One solution might be the classical liberal one of limiting God to the subjective and personal life, and excluding him from science and the physical world altogether. In no way is such a God our Creator – which raises the question of what right he has to be involved in our lives at all. It also denies a fundamental truth of Christianity, as well as a BioLogos core belief that we believe that “God created the universe and continues to providentially sustain the natural world.“
One attraction of Open Theism is that superficially it appears to free God from the “need” to interfere with the running of the Universe. The theory goes that he has created the Universe with both deterministic natural law and its own creative autonomy: the random events that seed evolution and change its course are random with respect to God as well as to fitness. That’s why creation is full of poor outcomes and bad design as well as innovation and wonder. Yet in his wisdom God uses what this free creation produces to fulfil his purposes. But do you see the Catch 22 here? In order to “use”, then God must “act”. If natural law continues according to its rules, and random chance is part of nature’s “freedom”, then what tools can God use to act? And if he does use them, it will be interference and a denial of the principles of undetectability and methodological naturalism. God can watch – but not touch, at least in the non-human sphere with which evolution primarily deals.
Even in the human sphere, science claims the right to apply evolutionary principles to everything.
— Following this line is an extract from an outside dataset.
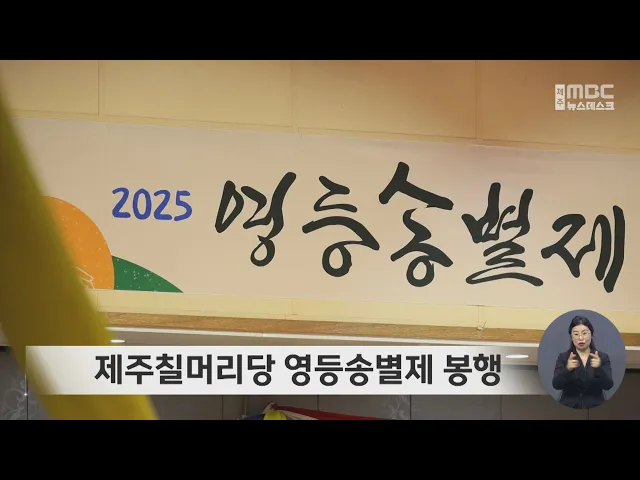 국가무형문화재이자 유네스코인류무형문화유산인 영등송별제가 오늘(13일), 칠머리당 실내 공연장에서 봉행됐습니다. 칠머리당 영등굿은 제주에 들어와 어업에 풍요를 주고 본국으로 돌아가는 영등신을 맞이하고 떠나보내는 전통 무속 제례의식으로 매년 음력 2월 1일은 영등환영제, 14일은 영등송별제를 지냅니다. 제주칠...
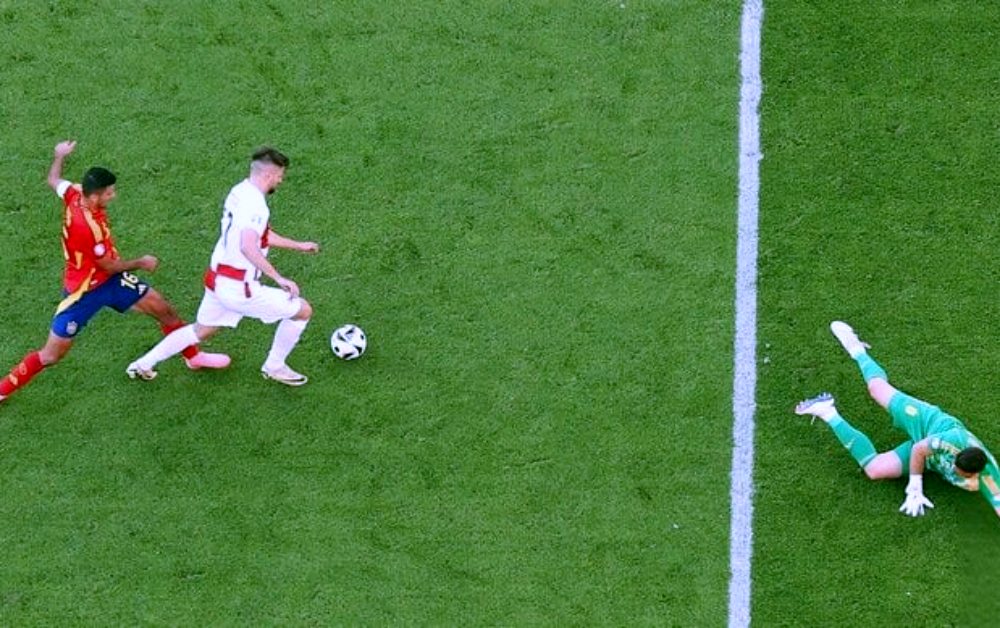 Phút 78, thủ thành Tây Ban Nha chuyền bất cẩn, bóng đến chân Petkovic. Anh không mấy khó khăn vượt qua đối phương, đứng trước cơ hội đưa bóng vào lưới trống. Tuy nhiên, Rodri lao về và phạm lỗi, ngăn cản cầu thủ Croatia ghi bàn.

Judging from the negative responses on BioLogos to my friend Gregory’s plaintive protests that not everything evolves, many in the organisation would agree with science. If human psychology, history, sociology – even sin – are the outworkings of an evolutionary process in which God does not intervene, what does he actually do, and how can it be compatible with science?
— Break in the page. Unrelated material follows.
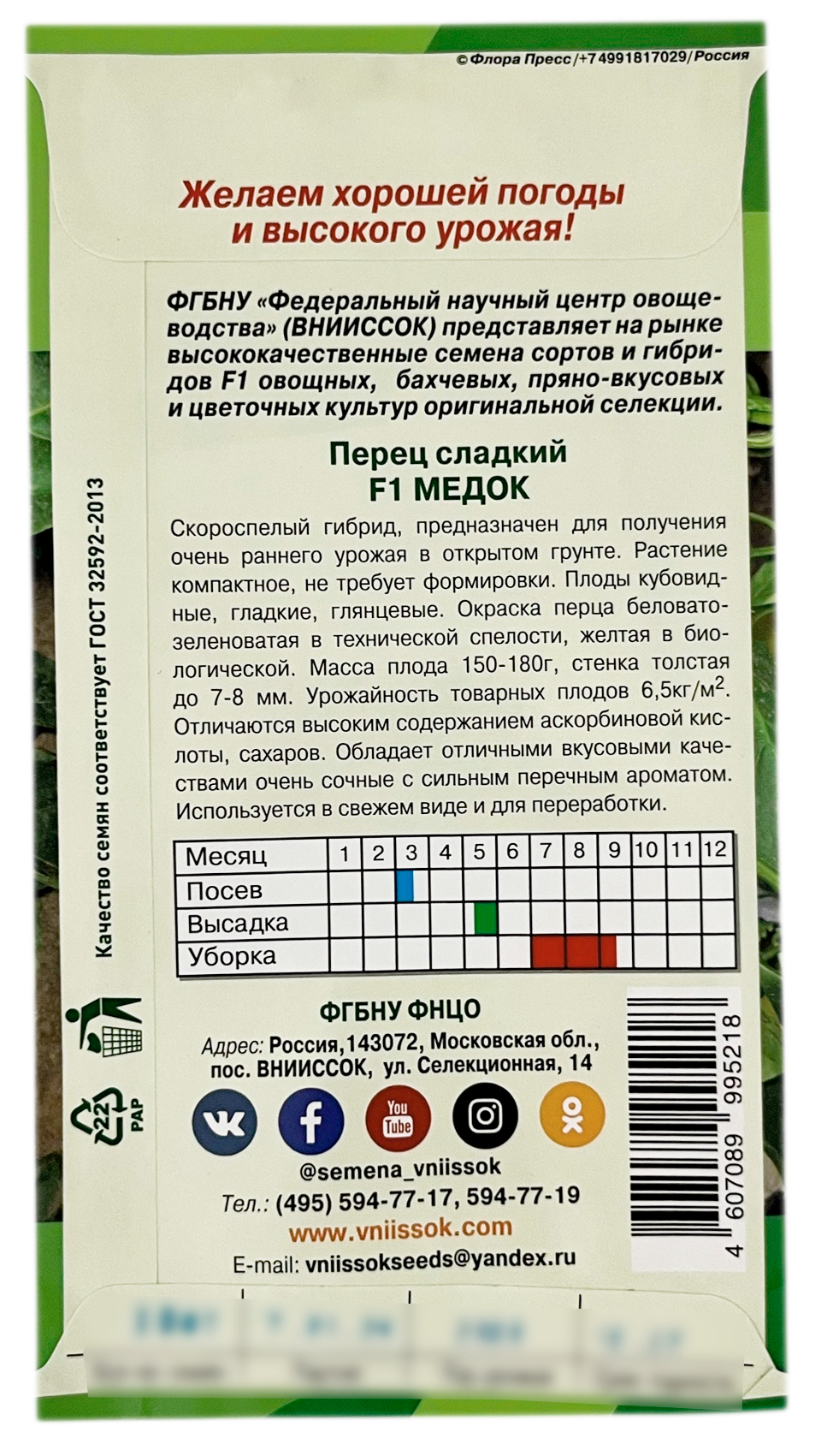 Перец сладкий МЕДОК F1 ВНИИССОКСкороспелый гибрид, предназначен для получения очень раннего урожая в открытом грунте. Растение компактное, не требует формировки. Плоды кубовидные, гладкие, глянцевые. Окраска перца беловатозеленоватая в технической спелости, желтая в биологической. Масса плода 150-180г, стенка толстая до 7-8 мм. Урожайность товарных плодов 6,5кг/м2. Отличаются высоким содержанием аскорбиновой кислоты, сахаров. Обладает отличными вкусовыми качествами очень сочные с сильным перечным ароматом. Используется в свежем виде и для переработки.
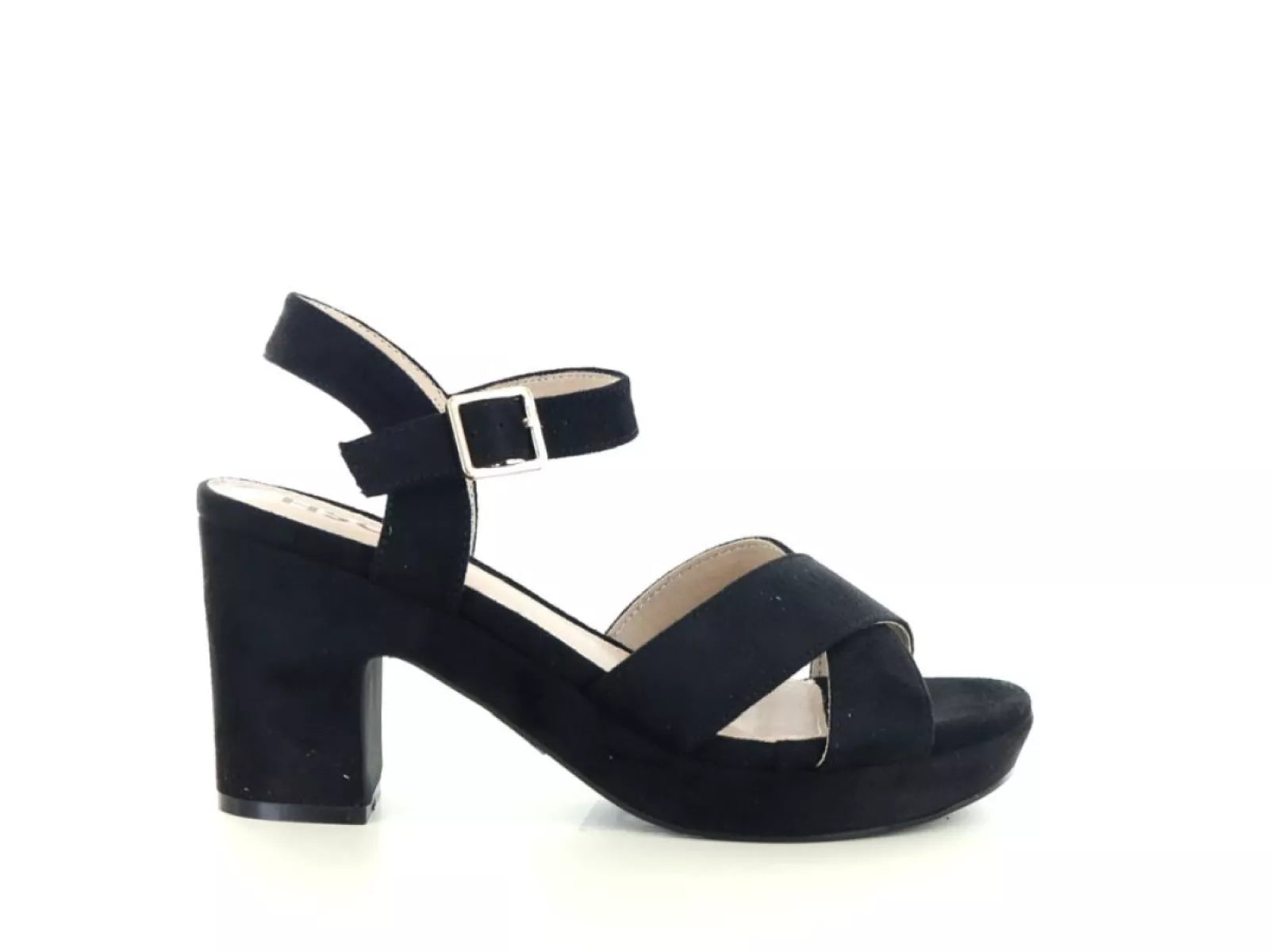 Vervollständigen Sie Ihr Sommeroutfit mit der Absatzsandale Posh by PS Poelman C0047 in Schwarz . Diese elegante Damensandale aus synthetischem Wildleder hat einen bequemen Blockabsatz , der für zusätzliche Länge und Stabilität sorgt. Die leichte Plateausohle unter dem Vorfuß macht diese Sandale überraschend bequem, auch wenn Sie den ganzen Tag unterwegs sind.

A concept that seems to provide a way out is the thoroughly truthful Christian doctrine that God sustains all existence from moment to moment, which as I have already pointed out is a core belief of BioLogos. However, in the classical formulations of this idea, such providence is thoroughly sovereign and causal. “A man casts the lot into the lap, but its every decision is from the Lord.” Chance, to our eyes, may comply with statistical or chaos theory and yet be truly random – but it is God who decides which individual wins the lottery and which low-probability mutation arises. But such providence is unnacceptable to science, and unattractive to many Biologians, committed as they are to a view of random events that makes them independent of God. Apart, then, from the mere sustaining of existence, what tools does such a God possess to affect the world’s events?
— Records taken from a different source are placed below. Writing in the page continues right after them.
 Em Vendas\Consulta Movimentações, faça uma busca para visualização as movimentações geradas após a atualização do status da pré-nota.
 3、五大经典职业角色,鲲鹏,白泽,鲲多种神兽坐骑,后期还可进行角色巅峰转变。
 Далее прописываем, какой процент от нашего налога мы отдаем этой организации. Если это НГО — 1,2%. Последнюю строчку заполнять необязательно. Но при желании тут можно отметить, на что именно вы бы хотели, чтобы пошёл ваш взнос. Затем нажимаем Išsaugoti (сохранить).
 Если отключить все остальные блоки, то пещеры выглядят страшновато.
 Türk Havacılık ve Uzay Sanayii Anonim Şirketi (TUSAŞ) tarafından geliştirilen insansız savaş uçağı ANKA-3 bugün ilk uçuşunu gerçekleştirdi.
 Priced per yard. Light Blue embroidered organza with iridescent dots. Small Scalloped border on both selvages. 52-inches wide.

I too sustain the existence of billions of micro-organisms and, potentially, larger parasites within my body, but I can hardly be said to influence how they lead their lives. If I did, say by swallowing a healthy dose of antibiotic, they’d soon enough be able to detect my existence.
All this is not to say that I think it’s impossible for BioLogos to square the circle. I fully believe that theistic evolution is a coherent position, though it will never be acceptable to a secular academy as long as “God” is in there, which is just tough. But some things, in my view, just have to go. The first is methodological naturalism, because God cannot both act in the Universe and be undetectable, unless he is the Deist God who works only be the laws he set up long ago. The second is the bizarre idea of a free and independent creation, which is both internally incoherent and also, at a stroke, destroys the rather more important freedom of the Creator himself – or at least, our ability to understand and worship him aright for it.